ENTRIES SHOWN:
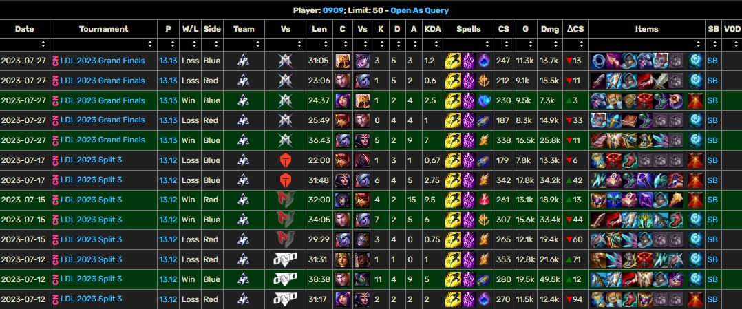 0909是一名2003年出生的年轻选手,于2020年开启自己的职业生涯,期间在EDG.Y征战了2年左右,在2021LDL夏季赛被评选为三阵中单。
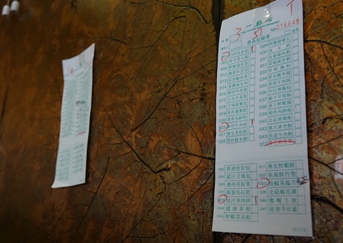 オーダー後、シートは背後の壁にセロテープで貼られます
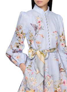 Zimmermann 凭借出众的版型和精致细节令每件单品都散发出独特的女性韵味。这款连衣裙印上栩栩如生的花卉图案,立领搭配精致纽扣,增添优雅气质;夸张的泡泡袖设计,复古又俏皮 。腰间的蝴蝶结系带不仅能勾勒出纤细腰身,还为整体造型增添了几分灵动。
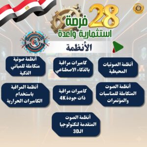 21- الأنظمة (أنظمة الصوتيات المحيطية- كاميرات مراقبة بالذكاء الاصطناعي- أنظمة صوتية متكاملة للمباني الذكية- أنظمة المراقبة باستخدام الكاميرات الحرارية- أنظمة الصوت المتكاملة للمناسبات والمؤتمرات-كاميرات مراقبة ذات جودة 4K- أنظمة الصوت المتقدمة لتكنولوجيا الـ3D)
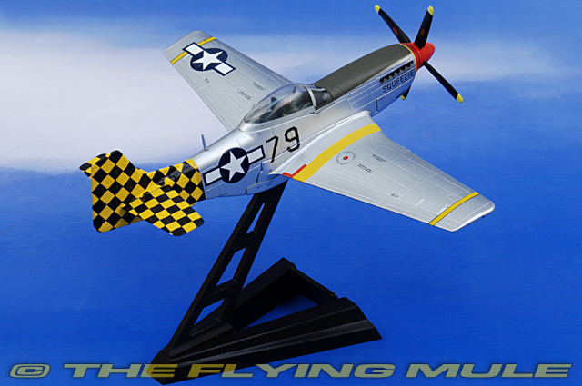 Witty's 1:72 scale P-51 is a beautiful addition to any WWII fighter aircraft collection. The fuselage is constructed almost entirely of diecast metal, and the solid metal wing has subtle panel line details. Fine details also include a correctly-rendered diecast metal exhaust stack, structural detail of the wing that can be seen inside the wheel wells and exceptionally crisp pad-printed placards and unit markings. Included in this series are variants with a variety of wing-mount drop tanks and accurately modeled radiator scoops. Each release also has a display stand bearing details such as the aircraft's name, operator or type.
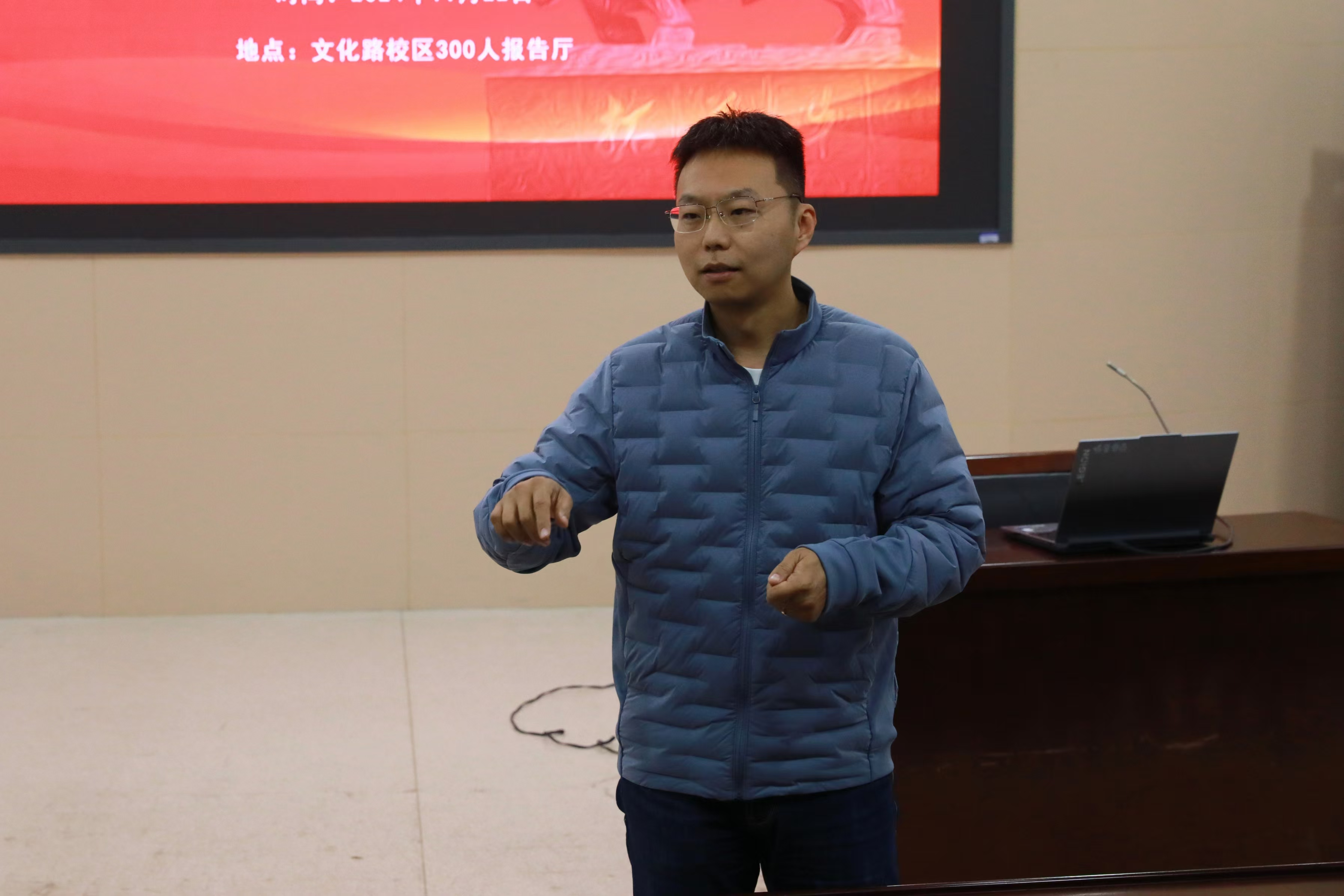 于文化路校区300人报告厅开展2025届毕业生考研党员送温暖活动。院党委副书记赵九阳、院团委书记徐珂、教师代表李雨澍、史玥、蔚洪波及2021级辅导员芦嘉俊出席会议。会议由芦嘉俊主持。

---

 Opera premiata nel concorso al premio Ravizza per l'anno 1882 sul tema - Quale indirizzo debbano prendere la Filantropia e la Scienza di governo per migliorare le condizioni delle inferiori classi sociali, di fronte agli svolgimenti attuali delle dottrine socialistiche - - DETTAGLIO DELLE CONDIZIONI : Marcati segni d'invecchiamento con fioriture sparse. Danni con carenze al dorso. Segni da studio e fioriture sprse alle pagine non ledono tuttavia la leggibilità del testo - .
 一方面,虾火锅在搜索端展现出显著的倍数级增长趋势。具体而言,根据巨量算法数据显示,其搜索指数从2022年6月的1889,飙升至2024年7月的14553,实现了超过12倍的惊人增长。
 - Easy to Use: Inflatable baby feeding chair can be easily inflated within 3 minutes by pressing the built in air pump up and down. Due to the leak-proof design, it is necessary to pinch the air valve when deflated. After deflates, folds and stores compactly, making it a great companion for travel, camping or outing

ABOUT THIS EXERCISE:
Print exactly, with no pictures, the lines above from the one that holds "21- الأنظمة (أنظمة" through the one that holds "于文化路校区300人报告厅开", both of them included.

SOLUTION FOR THIS EXERCISE:
 21- الأنظمة (أنظمة الصوتيات المحيطية- كاميرات مراقبة بالذكاء الاصطناعي- أنظمة صوتية متكاملة للمباني الذكية- أنظمة المراقبة باستخدام الكاميرات الحرارية- أنظمة الصوت المتكاملة للمناسبات والمؤتمرات-كاميرات مراقبة ذات جودة 4K- أنظمة الصوت المتقدمة لتكنولوجيا الـ3D)
 Witty's 1:72 scale P-51 is a beautiful addition to any WWII fighter aircraft collection. The fuselage is constructed almost entirely of diecast metal, and the solid metal wing has subtle panel line details. Fine details also include a correctly-rendered diecast metal exhaust stack, structural detail of the wing that can be seen inside the wheel wells and exceptionally crisp pad-printed placards and unit markings. Included in this series are variants with a variety of wing-mount drop tanks and accurately modeled radiator scoops. Each release also has a display stand bearing details such as the aircraft's name, operator or type.
 于文化路校区300人报告厅开展2025届毕业生考研党员送温暖活动。院党委副书记赵九阳、院团委书记徐珂、教师代表李雨澍、史玥、蔚洪波及2021级辅导员芦嘉俊出席会议。会议由芦嘉俊主持。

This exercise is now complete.